Today, I am going to show you how to import data from Amazon S3 into a PostgreSQL database running as an Amazon RDS service.
Table of Contents
The first thing we have to do is installing the aws_s3
extension in PostgreSQL. To do this, we have to login as an administrator and run the following statement:
CREATE EXTENSION aws_s3 CASCADE;
The RDS service needs read-only access to the S3 bucket we want to import and the ability to use the s3import
feature. Let’s use Terraform to define the policies and roles:
resource "aws_iam_policy" "s3-access" {
name = "s3-access"
description = "A policy for S3 access."
policy = <<EOF
{
"Version": "2012-10-17",
"Statement": [
{
"Sid": "s3import",
"Effect": "Allow",
"Action": [
"s3:GetObject",
"s3:ListBucket"
],
"Resource": [
"arn:aws:s3:::bucket-name",
"arn:aws:s3:::bucket-name/*"
]
}
]
}
EOF
}
Now we have to allow the RDS service to assume the role associated with the S3 access policy:
resource "aws_iam_role" "rds-assume-role" {
name = "rds"
assume_role_policy = <<EOF
{
"Version": "2008-10-17",
"Statement": [
{
"Action": "sts:AssumeRole",
"Principal": {
"Service": "rds.amazonaws.com"
},
"Effect": "Allow"
}
]
}
EOF
}
resource "aws_iam_role_policy_attachment" "rds-to-s3" {
role = "${aws_iam_role.rds-assume-role.name}"

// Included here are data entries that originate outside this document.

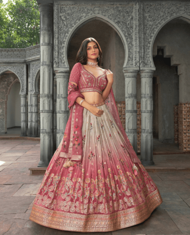 Rose Pink Color Banarasi Silk Wedding Lehenga
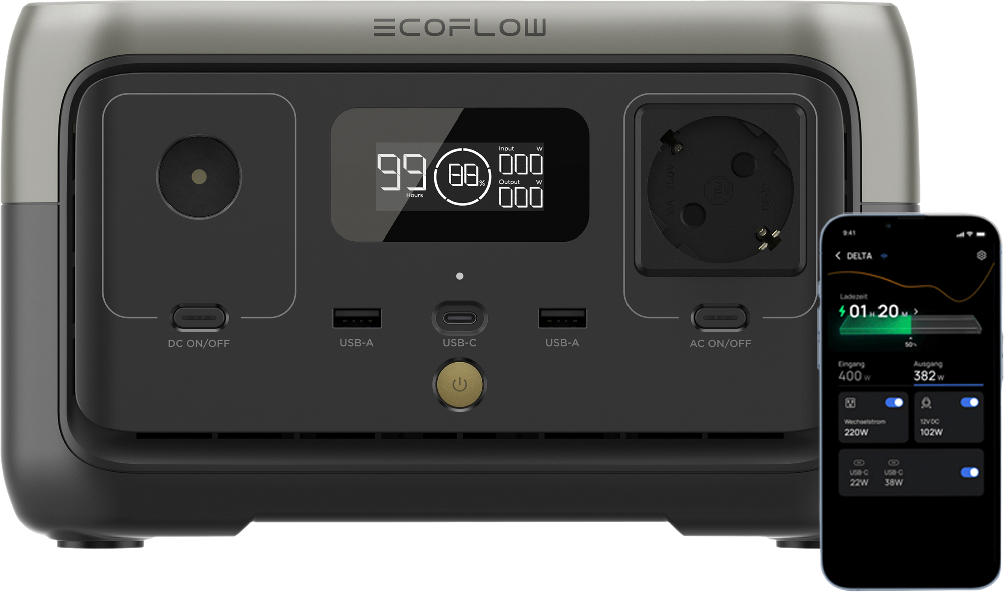 EcoFlow River 2 Serie: Mobile Powerstations für unterwegs und zuhause Die EcoFlow River 2 Serie bietet kompakte und leistungsstarke tragbare Powerstations für Camping, Vanlife, Outdoor-Einsätze und als flexible Notstromlösung. Dank langlebiger LiFePO₄-Batterietechnologie, extrem schneller Ladezeiten und vielseitiger Anschlussmöglichkeiten versorgen die Modelle River 2 und River 2 Pro zuverlässig unterschiedlichste Geräte, vom Smartphone bis zur Kühlbox.Beide Powerstations lassen sich über Netzstrom, Kfz oder Solarpanel laden und überzeugen durch hohe Sicherheit, lange Lebensdauer und maximale Flexibilität überall dort, wo kein Stromanschluss verfügbar ist. EcoFlow River 2 Powerstation EcoFlow River 2 Pro Powerstation Dauerleistung 300 W 800 W X-Boost Bis 600 W Bis 1600 W Kapazität 256 Wh 768 Wh Solareingang 11-30V, 8A, 110W Max. 11-50V, 13A, 220 W Max. AC-Eingang 220-240V 50Hz/60Hz, 360 W Max. 220-240V 50Hz/60Hz, 870W Max. Eingang über KFZ-Bordnetz 12V/24V, 8A, 100W Max. 12V/24V, 8A, 100W Max. AC-Ausgang Reine Sinuswelle, 300 W gesamt (600 W Überspannung), 230V 50Hz/60Hz Reine Sinuswelle, 800 W gesamt (1600 Überspannung), 230V 50Hz/60Hz DC-Ausgang 12.6 V, 8A, 100W Max. 12.6 V, 10A / 3 A / 3 A, 126W Max. USB-A-Ausgang 5V, 2,4 A, 12 W Max. 5V, 2,4 A, 12 W Max. Temperatur Laden 0 °C bis 45 °C 0 °C bis 45 °C Temperatur Entladen -10 °C bis 45 °C -10 °C bis 45 °C Optimale Betriebstemperatur 20 °C bis 30 °C 20 °C bis 30 °C Ladezeit (AC) ca. 60 Minuten (0-100%) ca. 70 Minuten (0-100%) USV-Funktion automatische Umschaltung,
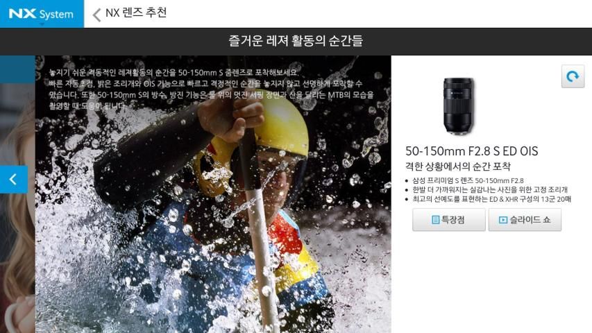 Samsung NX aplikasi kamera pintar adalah tangan-on katalog aplikasi yang menyediakan informasi dan foto yang indah dan video yang sampel up-to-date yang diambil pada setiap produk pada sistem NX.
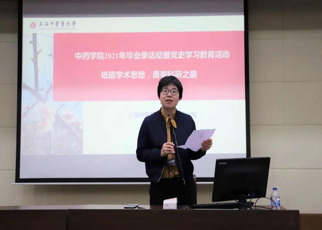 5月6日,AV视频 在教学楼6501教室举行AV视频 2021年毕业季主题教育活动暨党史学习教育第三场讲座《砥砺学术思想,勇攀科研之巅》,会议由AV视频 党委副书记沈漫主持。会前沈书记介绍了本次的主讲人黄容琴教授,黄容琴教授系复旦大学药学院教授,博士生导师,国家优秀青年科学基金获得者。沈书记就黄教授的科研履历、课题研究、学术兼职等向同学们做了详细的介绍,希望广大毕业生在今后的的科研求学中积极进取、锐意创新,不断创新中药研究,用更高质量的科研成果推动中医药的现代化研究。
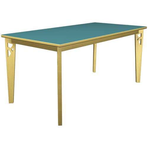 Table Iriss rectangulaire stratifié 4 pieds hêtre naturel Approche écoresponsable : oui Chants coloris : Hêtre Chants matériau : PVC Emballage recyclable : Oui 100 % Emballage recyclé : 100 % Environnement : Milieu restauration Forme : Rectangle Fréquence d'utilisation : Régulière Garantie client : 3 ans Hauteur : 76 cm Licence PEFC : 1031885 Livré monté : non Longueurs : 160 cm Montage : À monter Piétement coloris : Hêtre Piétement matériaux : Hêtre Plateau coloris : Vert foncé Plateau matériau : Stratifié Poids du produit : 36 kg Produit recyclable : Oui 100 % Produit recyclé : 58 % Profondeur : 80 cm Type de piétement : 4 pieds Usage : Collectivité Table Iriss 4 pieds avec plateau stratifié épaisseur 25 mm, chant PVC 2 mm. Piètement hêtre massif, verni naturel, épaisseur 27 mm. Assemblage équerre métallique. Verins plastique. Table Iriss rectangulaire stratifié, Longueur: 160 cm, Profondeur: 80 cm, Plateau matériau: Stratifié, Piétement coloris: Hêtre, Plateau coloris: Vert foncé, Hauteur: 76 cm, Type de piétement: 4 pieds, Chants coloris: Hêtre, Livré monté: non, Chants matériau: PVC, Montage: À monter, Fréquence d'utilisation: Régulière, Emballage recyclable: Oui 100 %, Emballage recyclé: 100 %, Produit recyclable: Oui 100 %, Produit recyclé: 58 %, Piétement matériau: Hêtre, Approche écoresponsable: oui, Poids: 36 kg, Usage: Collectivité, Forme: Rectangle, Licence PEFC: 1031885
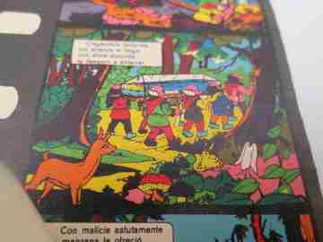 Viene realizado en baquelita bicolor, roja y negra, con los mandos laterales de avance / retroceso en azul claro, y se suministra con la caja original y cuatro películas de papel en rollo.

policy_arn = "${aws_iam_policy.s3-access.arn}"
}
There is one more thing we need. We have to allow our RDS instance to import data from S3:
resource "aws_db_instance_role_association" "rds_s3import_role" {
db_instance_identifier = "${aws_db_instance.rds-database.id}"
feature_name = "s3Import"
role_arn = "${aws_iam_role.rds-assume-role.arn}"
}
In the end, we have to add two rules to the security group used by the RDS database. The database needs permission to make HTTP and HTTPS calls to communicate with S3:
# Add those to the security group used by the RDS database
egress {
from_port = 80
to_port = 80
protocol = "tcp"
cidr_blocks = ["0.0.0.0/0"]
}
egress {
from_port = 443
to_port = 443
protocol = "tcp"
cidr_blocks = ["0.0.0.0/0"]
}
Want to build AI systems that actually work?
Download my expert-crafted GenAI Transformation Guide for Data Teams and discover how to properly measure AI performance, set up guardrails, and continuously improve your AI solutions like the pros.
Importing the data
Finally, we can use the aws_s3
extension to import the CSV files into the database tables:
SELECT aws_s3.table_import_from_s3('schema.table_name', '', '(FORMAT CSV)', 'bucket-name,file_key,aws-region-id)');
Obviously, before running that command, we have to create the table with a schema that matches the CSV file.